Le tout est présenté dans un package très dense aux prédominantes influences américaines auxquelles on prend bien soin d’ajouter des propos dissonants qui égratignent le «politiquement correct» au passage (hoes et retards inclus à l’intérieur). De par ses thèmes, son ton et sa facture sonore homogène, Contrôle glisse occasionnellement dans la redondance, mais tire cependant son épingle du jeu par la cohérence globale des morceaux. On pousse, mais on pousse égal.

Côté performance, il est clair que le rappeur d’Ahuntsic se complaît parfaitement dans sa trame narrative glauque aux sonorités d’Atlanta. Son aisance est palpable et celle-ci rehausse l’expérience. Le principal intéressé se permet même quelques savantes variations dans la livraison des pièces, mélangeant l’efficacité sur beat de Travis Scott (FTSL), le flow agressif de Freddie Gibbs (Contrôle) et l’occasionnelle impertinence de Future (Les palmiers brûlent dans la nuit). C’est d’ailleurs dans ce cocktail musical de l’Oncle Sam que se perd éventuellement Lary Kidd. Dieu merci, on peut notamment compter de ponctuels clins d’œil à Kc Lmnop et à Yvon Krevé sur la pièce-titre pour se rappeler qu’on se trouve sur la planète RAPQUEB (et ainsi esquiver le 4×4 sur la lune du même coup.)
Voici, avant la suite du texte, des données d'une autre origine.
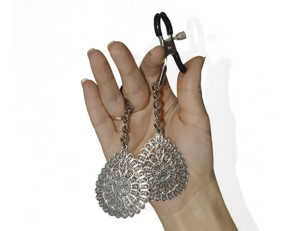 Зажимы оснащены пружинным механизмом, за счет чего легко и удобно фиксируются на месте, винтики позволяют отрегулировать степень давления в соответствии с индивидуальными предпочтениями. Размер металлической подвески 5 см*5 см. Длина цепочки 3 см.

Côté tissu sonore, le rappeur codéiné mise fort sur d’ingénieuses productions, gracieuseté de joueurs étoiles du beatmaking québécois incluant Toastdawg, VNCE CARTER (Dead Obies), Kable Beatz et Ruffsound. Ensemble, ils peignent la trame musicale méticuleusement obscure et glauque qui porte l’album. On y retrouve un brillant amalgame de trap (aux diverses saveurs, allant de la grosse production baller sur La brise à celle plus langoureuse pour les lovebirds sur La grande beauté) auquel on ajoute une touche originale de horrorcore qui met bien en valeur le flow, la voix et les idées de Lary. Cet élément constitue une des forces principales du projet.
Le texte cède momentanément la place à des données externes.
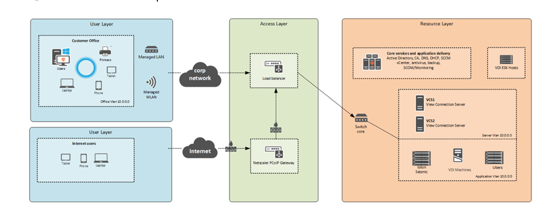 The client’s geoscience community was required to perform complex tasks, such as seismic data analysis, well correlation, reservoir modelling, and reservoir simulations from their high-end computing workstations. Due to discrete setups, the teams faced challenges in collaborating with peers owing to location, network and device constraints. In order to enable users to work from across locations, the client needed its physical workstations to be virtualized, thus allowing flexi seating, access to high-end mobile devices and easy collaboration practices between its team members. Also making the on-boarding process of new users/guests, quick and easy was of essence.

Au final, Contrôle s’avère un exercice de style et un exutoire artistique comportant ses moments de gloire, tout en se perdant un peu dans le courant actuel saturé (et ô combien sirupeux) du trap. Tandis que la trame narrative finement définie permet le déploiement de pièces variées, le rappeur se concentre (efficacement, quand même) sur un genre très uniforme. Sur ce projet, Lary Kidd penche davantage vers la signature américaine d’Atlanta, diluant légèrement sa propre originalité au détour. La perte de contrôle aura tout de même valu le coup (ne serait-ce que pour les bars à la sauce aux prunes).